FIG. 16 shows a circuit configuration mounted on the wiring pattern substrate 324A shown in FIG. In FIG. 16, the node P ₁ corresponds to the contact terminal 370a, the node P ₂ corresponds to the contact terminal 370b, and the node P ₃ corresponds to the contact terminal 370c. As shown in FIG. 16, the circuit arrangement being mounted on the wiring pattern substrate 324A is between the node _{P 1} and node _{P 2,} resistor 393 is connected between the node _{P 2} and node _{P 3,} A capacitor 394 and a resistor 395 are connected. Node P ₃ is grounded. From node _{P 1,} the input voltage _{V in} from the variable alternating voltage source 396 is inputted. Then, the output voltage V _out from the node P ₂ is measured by the determination circuit 397.

Here, when the resistance value of the resistor 393 is R ₁ , the resistance value of the resistor 395 is R ₂ , the capacitance of the capacitor 394 is C ₁ , and the angular frequency is ω, the impedance between the node P ₂ and the node P ₃ Z is obtained as follows.

Here, the relationship between the input voltage V _in and the output voltage V _out is determined in the following manner.

  From the above equation, the amplitude characteristic can be obtained as follows.

From the equation (3), this circuit becomes a low-pass filter. The cutoff frequency of this circuit is (ω = (1 / C ₁ R ₁ )), and the constant that determines the frequency characteristics of this circuit is C ₁ R ₁ . Therefore, in correspondence with the constant C ₁ R ₁ and the attribute information determined from the capacitance C ₁ and resistance R ₁ Tokyo, while changing the frequency of the input voltage V _in, by measuring the output voltage V _out, the tape The type of the cartridge 100 can be determined.
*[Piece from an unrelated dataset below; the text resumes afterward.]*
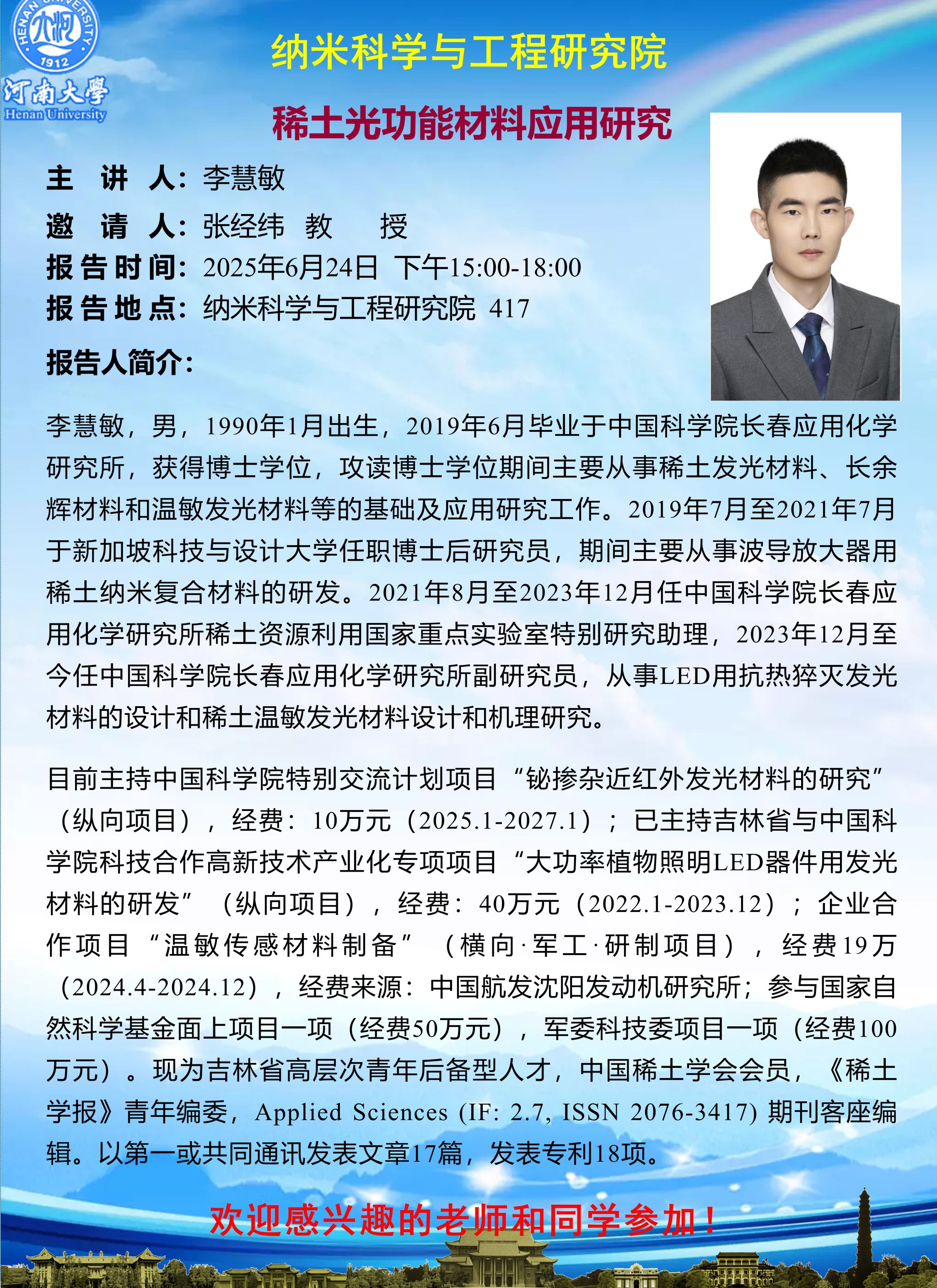 李慧敏:稀土光功能絵幔閩材料应用研究(时间:6月24日)

That is, when the resistor 393, the resistor 395, and the capacitor 394 are disposed on the wiring pattern substrate 324A, the value C ₁ R ₁ between the resistance value R ₁ of the resistor 393 and the capacitance C _{1 of the} capacitor 394 corresponds to the attribute information. Set the value to Upon detection changes the frequency of the input voltage V _in from the variable AC voltage source 396, to measure the change in the output voltage V _out. Thereby, the frequency characteristic of a circuit is acquirable. The value C ₁ R ₁ between the resistance value R ₁ and the capacitance C ₁ can be determined from the measured frequency characteristics. Thereby, the identification information of the tape cartridge 100 can be detected.

When measuring the frequency characteristic determined from the capacitance C ₁ and the resistance value R ₁ , it is necessary to change the frequency of the variable AC voltage source 396. However, in order to determine the identification information, it is not necessary to change the frequency of the variable AC voltage source 396 in multiple stages. The frequency of the variable AC voltage source 396 only needs to be set to such an extent that the difference between the pass band and the cutoff band of the circuit can be identified (for example, three stages).

Further, from the equation (3), the voltage in the passband of this circuit is a value based on (R ₂ / (R ₁ + R ₂ )), and the constant that determines the gain in the passband is (R ₂ / (R ₁ + R ₂ )). Therefore, the voltage and the attribute information in the pass band determined by the resistance R ₂ of the resistance value R ₁ and the resistor 395 of the resistor 393 is associated, by measuring the voltage at the passband, determining attribute information can do.

That is, the wiring pattern substrate 324A, resistors 393 and 395, when arranging the capacitor 394, the resistance value _{R 2} and determined by the value of the resistance value _{R 1} and the resistor 395 of the resistor 393 _(R 2 _{/ (R} 1 + _{R 2} )) Is set to a value corresponding to the attribute information. Upon detection, it sets the frequency of the input voltage V _in from the variable AC voltage source 396 to the frequency of the pass band, measuring the output voltage V _out of _the passband. Thereby, the voltage in the pass band can be acquired. From the measured voltage of the passband, the resistance value _{R 2} and determined by the value of the resistance value _{R 1} and the resistor 395 of the resistor _{393 (R 2 / (R 1} + R 2)) can be determined, thereby, the attribute Information can be detected.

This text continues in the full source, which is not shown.